Open lmatz opened 4 months ago
I tried an example, say I created two tables in MYSQL:
CREATE TABLE ExampleTable (
id INT AUTO_INCREMENT PRIMARY KEY, -- Integer type with auto-increment
name VARCHAR(255) NOT NULL, -- Variable character string
birth_date DATE, -- Date type
email VARCHAR(255), -- Variable character string
is_active BOOLEAN DEFAULT TRUE, -- Boolean type
created_at TIMESTAMP DEFAULT CURRENT_TIMESTAMP -- Timestamp with default current time
);
CREATE TABLE AnotherExampleTable (
name VARCHAR(255) NOT NULL, -- Variable character string
email VARCHAR(255), -- Variable character string
id INT AUTO_INCREMENT PRIMARY KEY, -- Integer type with auto-increment
birth_date DATE, -- Date type
created_at TIMESTAMP DEFAULT CURRENT_TIMESTAMP, -- Timestamp with default current time
is_active BOOLEAN DEFAULT TRUE -- Boolean type
);
They have the same set of columns, but the order of columns is different. It will lead to different “column ordinal” in the information schema:
mysql> SELECT TABLE_NAME, COLUMN_NAME, ORDINAL_POSITION
-> FROM information_schema.COLUMNS
-> WHERE TABLE_NAME IN ('ExampleTable', 'AnotherExampleTable')
-> AND TABLE_SCHEMA = 'public';
+---------------------+-------------+------------------+
| TABLE_NAME | COLUMN_NAME | ORDINAL_POSITION |
+---------------------+-------------+------------------+
| AnotherExampleTable | name | 1 |
| AnotherExampleTable | email | 2 |
| AnotherExampleTable | id | 3 |
| AnotherExampleTable | birth_date | 4 |
| AnotherExampleTable | created_at | 5 |
| AnotherExampleTable | is_active | 6 |
| ExampleTable | id | 1 |
| ExampleTable | name | 2 |
| ExampleTable | birth_date | 3 |
| ExampleTable | email | 4 |
| ExampleTable | is_active | 5 |
| ExampleTable | created_at | 6 |
+---------------------+-------------+------------------+
12 rows in set (0.01 sec)
The schema discovery library we use will order the columns based on the column ordinals: https://github.com/SeaQL/sea-schema/blob/master/src/mysql/query/column.rs#L72
The ordering produced by this 3rd library will be inherited by RW: https://github.com/risingwavelabs/risingwave/blob/release-1.10/src/connector/src/source/cdc/external/mysql.rs#L102-L118
I don't know if we should do anything on our end to avoid this inconvenience. cc: @StrikeW @neverchanje
The user reported that even when the upstream table's schemas are the same, the ordering of the columns is "sometimes" not the same.
IIUC, this is determined by their business, there exist tables have same columns but in different order, am I right?
It is surprised to me that UNION
requires the ordering of result set to be same, because when we union two sets, we don't care about the ordering of sets.

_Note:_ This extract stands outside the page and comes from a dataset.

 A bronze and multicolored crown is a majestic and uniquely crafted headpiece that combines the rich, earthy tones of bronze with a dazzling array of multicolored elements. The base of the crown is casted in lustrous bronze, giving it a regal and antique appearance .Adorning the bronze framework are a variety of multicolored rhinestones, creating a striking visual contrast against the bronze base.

So one solution is to implement the CORRESPONDING
clause (link1, link2).
IIUC, this is determined by their business, there exist tables have same columns but in different order, am I right?
Yes, and the upstream tables are managed by a different team. The user is not allowed to alter the orderings of the columns in the upstream table.
CORRESPONDING
Thanks, this is a good idea
Sounds like CORRESPONDING
is the standard version of BY NAME
mentioned in https://github.com/risingwavelabs/risingwave/issues/15637#issuecomment-1991060486
Without it, the user can easily workaround by manually reordering the columns before union. Or for ease of reuse, create a view
over the table just to reorder columns, and use the view rather than underlying table afterwards. Specifying all columns again in correct order may sound receptive but it is no harder than redefining the upstream with correct column order, which is out of their control but willing to do. - Or does turning off aut-schema detection work?

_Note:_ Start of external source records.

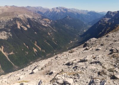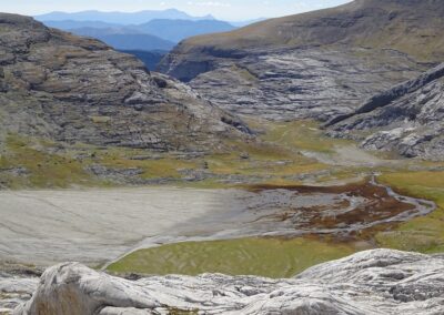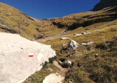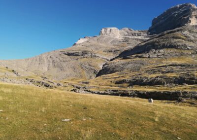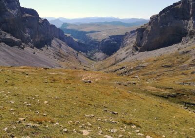 The path continues on and up, bearing slightly to the left, before doglegging right to reach the Collado de Añisclo pass at 2,453m. The views from here back down the Añisclo canyon are spectacular. Looking over the other side into the Pineta valley is also an extraordinary sight. But your heart will sink and legs will wobble as you contemplate the very long and steep descent that lies ahead to reach the valley floor 1,000 metres below. This has to be done if you are ever going to complete the full GR-11 route from start to finish (from the Bay of Biscay to the Mediterranean). However, this is not the day for the Pineta descent and the memory can be locked away for future adventures.
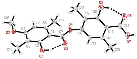 Crystal structure of barbatic acid (21): the molecular structure of barbatic acid, with the atom-numbering scheme. Displacement ellipsoids are drawn at the 30% probability level and H atoms are shown as small spheres of arbitrary radius. Intramolecular hydrogen bonds are shown as dashed lines.
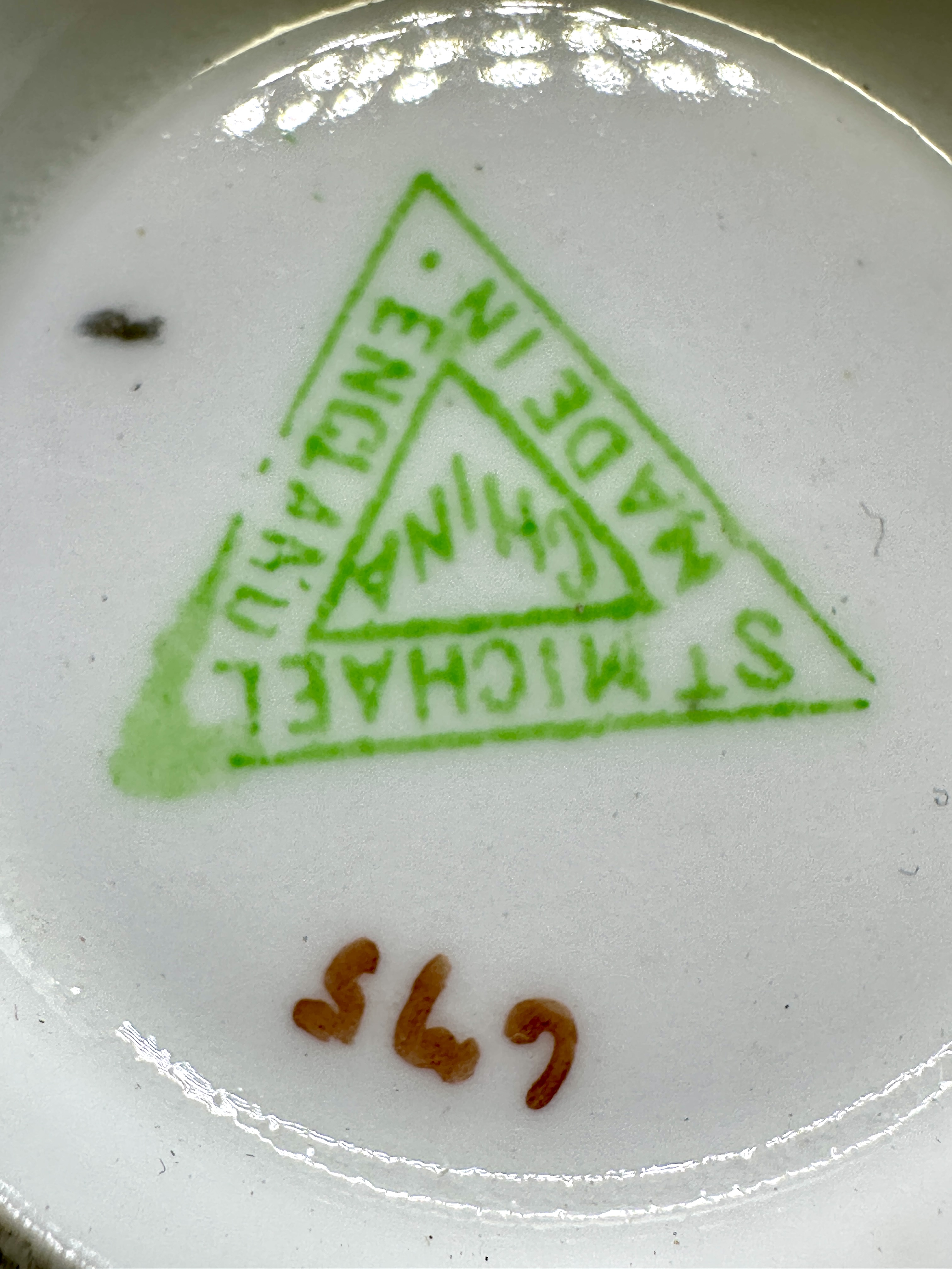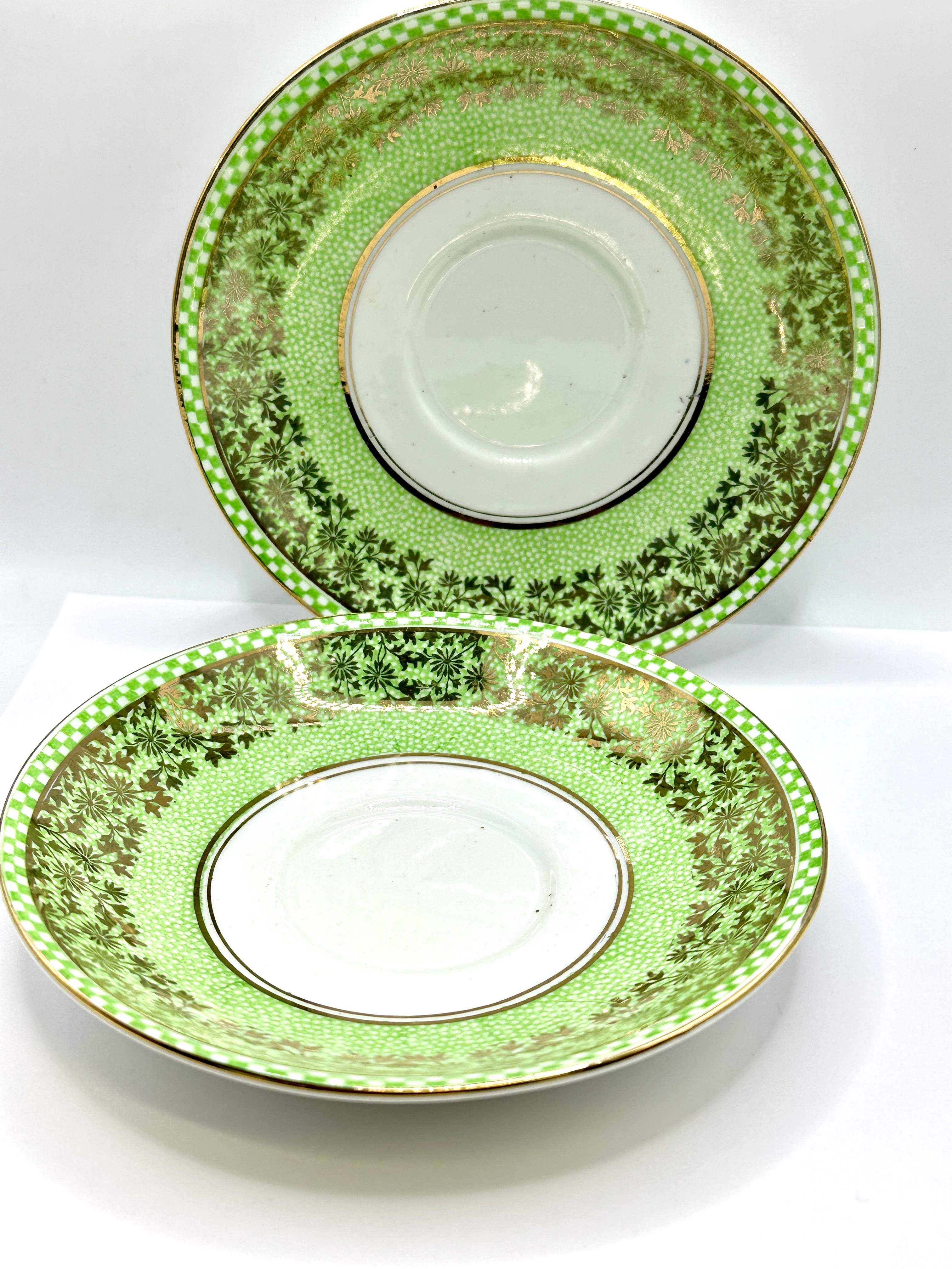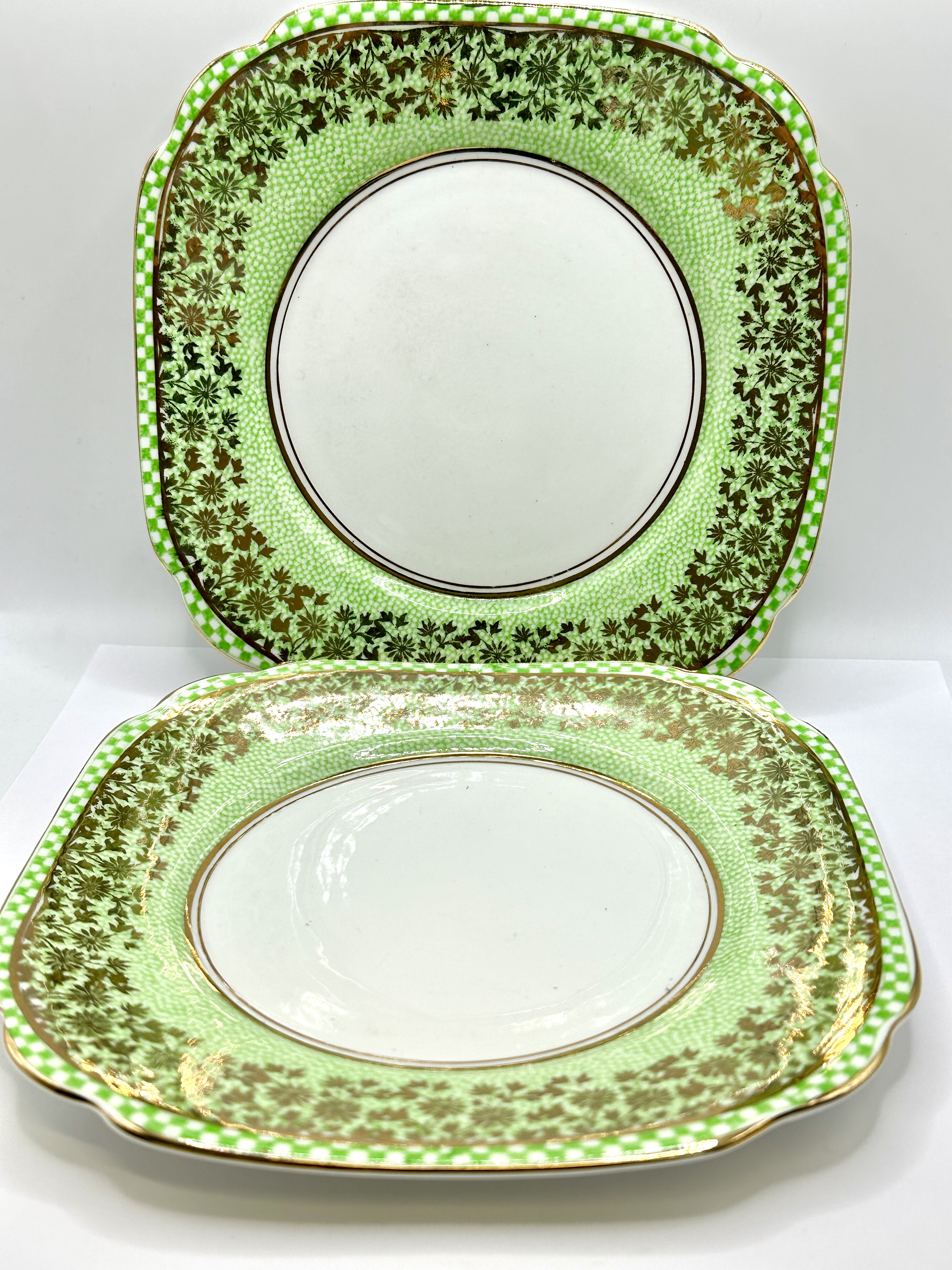 A collection of six pieces of mid-century English bone china tea service, identified by market consensus as the Mottahedeh Apple Lace pattern. The collection comprises two teacups, two saucers, and two slightly scalloped square tea plates. The items feature a vibrant apple green color scheme overlaid with dense gold gilt transferware, displaying a fine floral or sprig pattern set against a stippled background. The rims and borders are accented by a decorative band of alternating green and gilt checkerboard squares. The reverse of one item bears a green triangular backstamp reading ST MICHAEL, CHINA, and MADE IN ENGLAND, indicating production for Marks & Spencer, along with a hand-painted number 569 in reddish-brown.

Furthermore, the original issue description stated:
The user reported that even when the upstream table's schemas are the same, the ordering of the columns is "sometimes" not the same.
The example in https://github.com/risingwavelabs/risingwave/issues/17451#issuecomment-2189145094 above does not satisfy the even when part. Does auto-schema detection guarantee the column orders in RisingWave is always the same as upstream?
Without it, the user can easily workaround by manually reordering the columns before union. Or for ease of reuse, create a view over the table just to reorder columns, and use the view rather than underlying table afterwards. Specifying all columns again in correct order may sound receptive but it is no harder than redefining the upstream with correct column order, which is out of their control but willing to do.
Manual re-ordering by specifying the names of columns again makes the auto schema detection essentially meaningless because we want to avoid typing the names in the first place. But we now need to do it again.
There are different levels of "willing". I believe the fact that auto-schema detection is implemented in RW and other systems indicates that people are not really that willing.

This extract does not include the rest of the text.